Officials say the museum’s financial position is currently healthy and they do not envisage any future closures of the Japanese galleries — a move they bitterly regretted having to make in the first place.
At the end of April 2003, the museum decided to, in effect, close the three galleries (Konica, Main and Urasenke) to the general public and only allow pre-arranged guided access.
This was because the museum needed to save money to deal with a deficit running at about £3 million (about 6 million yen).
The Japanese galleries were particularly vulnerable to cuts as they tended to put on more exhibitions than other sections of the museum.
At the time, the museum blamed inadequate central government funding and a fall in London tourists due to the Sept. 11, 2001, terrorist attacks in the United States.

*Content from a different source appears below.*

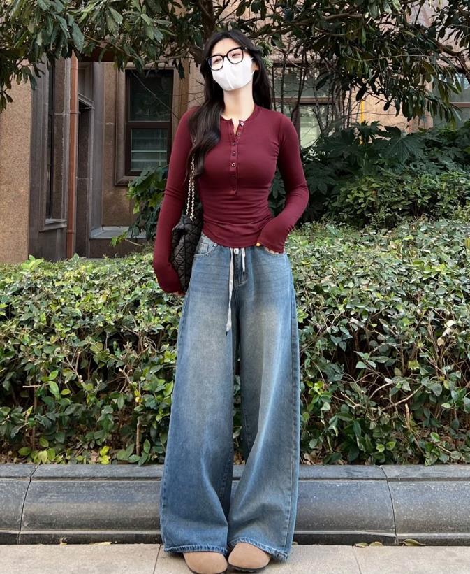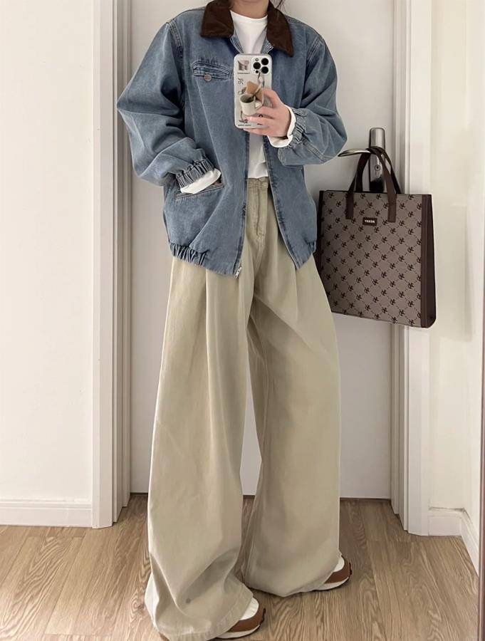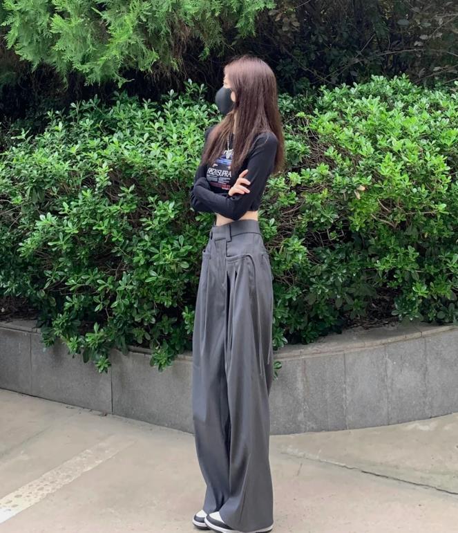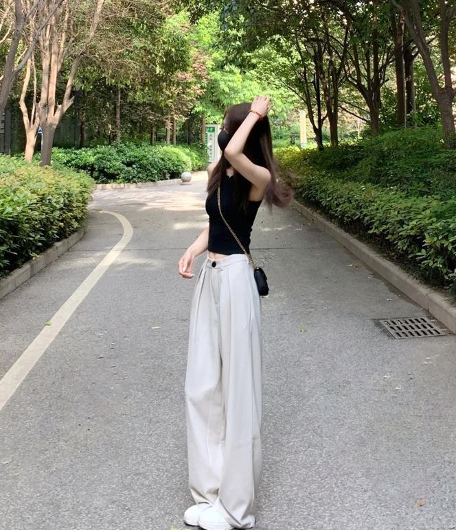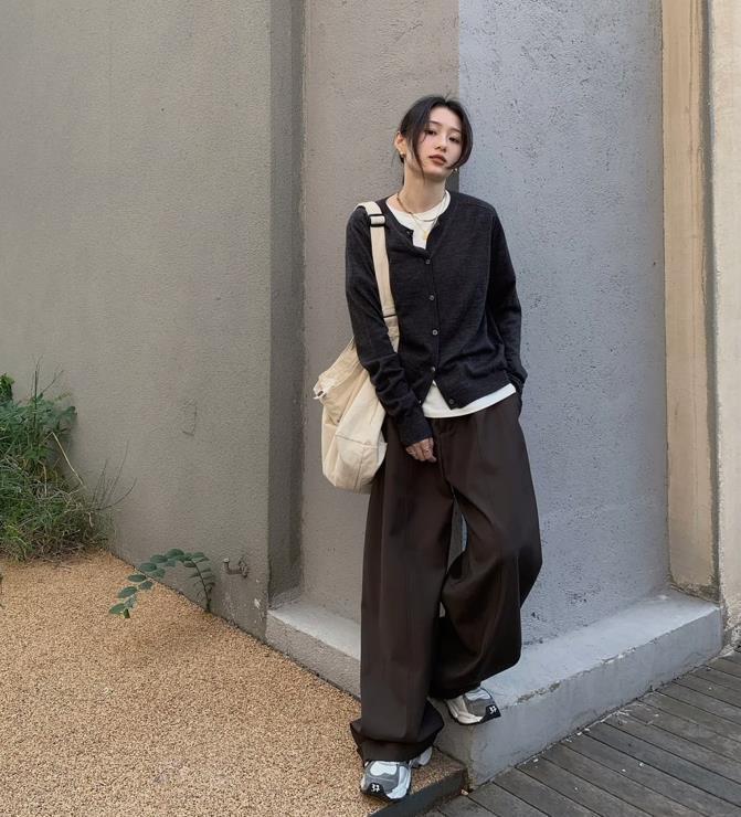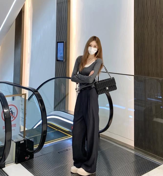 在選擇闊腿褲的時候,除了要注重版型之外,褲子的材質面料也是要多花費些心思的。垂墜感和質感好點的闊腿褲,更能讓你穿出顯瘦顯腿長的效果。

The decision led to some criticism from the Japanese community in London because it had not been consulted over the move.
However, museum bosses learned in April their cost-cutting program — which also involved reducing operating hours in some of the museum’s 90 galleries — had put them back into the black and they could restore full access to the Japanese galleries, as well as return to normal hours for most of the other rooms in the museum.
After reopening its doors in the summer, the museum has just launched its major exhibition for the Japanese galleries this year, a display of antique Japanese swords.